The most obvious details are the men themselves: both are young (Dinteville was 29), handsome, and prosperous. Dinteville looks a bit like Henry VIII himself--perhaps he stayed in England a bit too long!--as his sumptuous jacket attests, with its ermine embroidery, framing a flouncy pink shirt and an enormous gold medallion. de Selve, by contrast, is more the scholar, wearing a simple robe and looking much less ostentatious. Indeed, he seems to be saying "are we done yet?" though he, too, portrays an air of confidence--as well as concern. The table each man is leaning on is burdened with the weight of their Renaissance scholarship: a globe, various devices to measure distance--an astrolabe, etc. Also visible is a lute and a book of music, and beneath it all, stretched cryptically across the floor...a skull?

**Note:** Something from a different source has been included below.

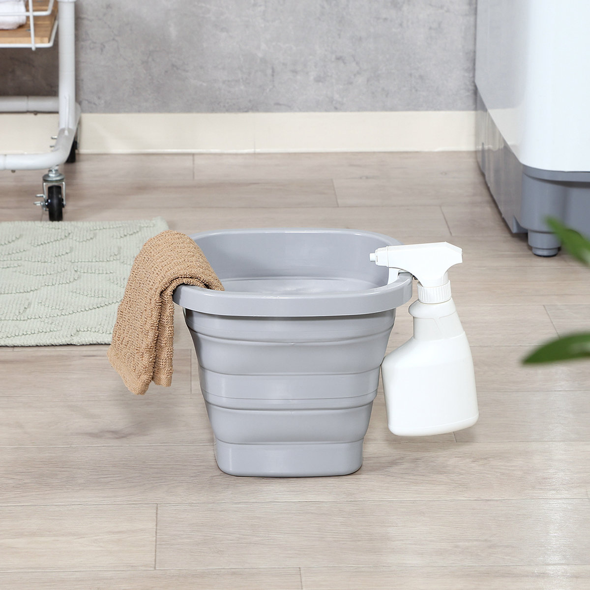 バケツ 折りたたみ 5L 持ち手付き 軽量 収納 折りたたみバケツ ( ばけつ ソフトバケツ 角型 小さい コンパクト たためる ソフト タブ つけ置き ランドリー バスケット レジャー ペット ) 【グレー】

The skull is part of the famous memento mori genre of paintings and poems famous in English literature. It translates to "remember your mortality," and here the painting transforms from a celebration of youthful achievement to an older man's warning: perhaps the mission itself was fraught with danger, or perhaps that the youthful confidence of Dinteville should have been tempered with a bit of modesty and forethought? Either way, it lends a chilling note to a painting that seems to say "we have the world!" while Holbein whispers "not for long."

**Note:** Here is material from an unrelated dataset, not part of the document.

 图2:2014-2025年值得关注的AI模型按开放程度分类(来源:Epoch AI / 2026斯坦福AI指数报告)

The scholar Derek Wilson in his book on Holbein notes this about the painting: "It is a testament by Holbein and his patron to their shared concerns in the uncertain England of 1533...The lute has a broken string. The crucifix in the top left-hand corner is almost obscured by the curtain. On the celestial globe a hen attacks a bird of prey...In Holbein's composition the younger man (de Selve) literally upstages his friend. Set slightly further back, he appears introverted, nervously clutching the folds of his gown and tightly grasping his gloves. Yet Holbein makes us fix our attention on him."
There's so much going on here, and entire world in turmoil, leading to an uncertain future--for them and for us.